Von Rückschlägen lässt er sich nicht entmutigen. Selbst wenn sie so ätzend sind wie der aktuelle: Jose Mourinho, sein Trainer bei Manchester United, hat Schweinsteiger nahegelegt, sich einen neuen Verein zu suchen und ihn gebeten, seinen Spind zu räumen. Aber das wird ihn nicht stoppen: Denn ein Bastian Schweinsteiger hat noch nie aufgegeben. Zweimal WM-Halbfinale verloren, 2008 sogar das Finale bei der EM gegen Spanien? Und dann tanzen auch noch die frisch gekürten Sieger in einer Polonaise an ihm vorbei?

Egal. Mund abwischen, weitermachen. Das galt auch beim verlorenen Champions-League-Finale 2010 gegen Inter Mailand. Und erst dieser eine Elfmeter, den er 2012 beim Finale Dahoam gegen den FC Chelsea verschossen hat. Auch noch den entscheidenden! Ausgerechnet der Basti, der seit seiner Jugend beim FC Bayern spielt.

Aber selbst, wenn's mal nicht nach Plan läuft: Aufgegeben wird nicht. Denn Schweinsteigers Motto lautet:

"Das gehört dazu, da muss man sich reinhängen in so ein Spiel. Das spielt man nicht so oft in seinem Leben und auch wenn man Krämpfe hat oder ein Foul abbekommt – man muss weitermachen."

Bastian Schweinsteiger

Hat er auch gemacht. Und nach jahrelanger, harter Arbeit gab’s die Belohnung: Erst den Champions-League-Titel 2013.

Und dann 2014 den hier:

Der Weltmeistertitel für Deutschland! Spätestens an diesem legendären Abend in Rio hat die ganze Welt gesehen: Ein Bastian Schweinsteiger gibt NIE auf. Auch nicht, wenn er nicht mehr laufen kann, wenn der ganze Körper schmerzt und aus einer riesigen Platzwunde im Gesicht das Blut nur so fließt. Denn er lebt für dieses eine Ziel: gewinnen!
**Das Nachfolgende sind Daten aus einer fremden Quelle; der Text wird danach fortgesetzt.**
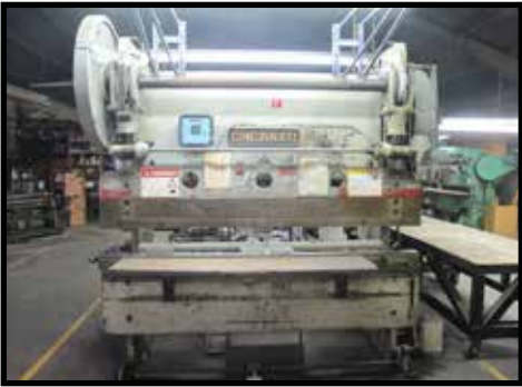
CINCINNATI 8FT x 80 TON MECHANICAL PRESS BRAKE W/ AUTOGAGE CNC BACK GAGE

Und sollte dann noch mal ein Gegner oder eine Garage stärker sein, dann weiß ich dank Bastian Schweinsteiger jetzt: Niederlagen sind okay – aufgeben aber nicht. Eine neue Garage suchen? Kommt nicht in Frage. Ich geh‘s nochmal an, das Trauma mit meinem kleinen Golf und der Duplexgarage. Zur Not hab ich schließlich ne Vollkasko.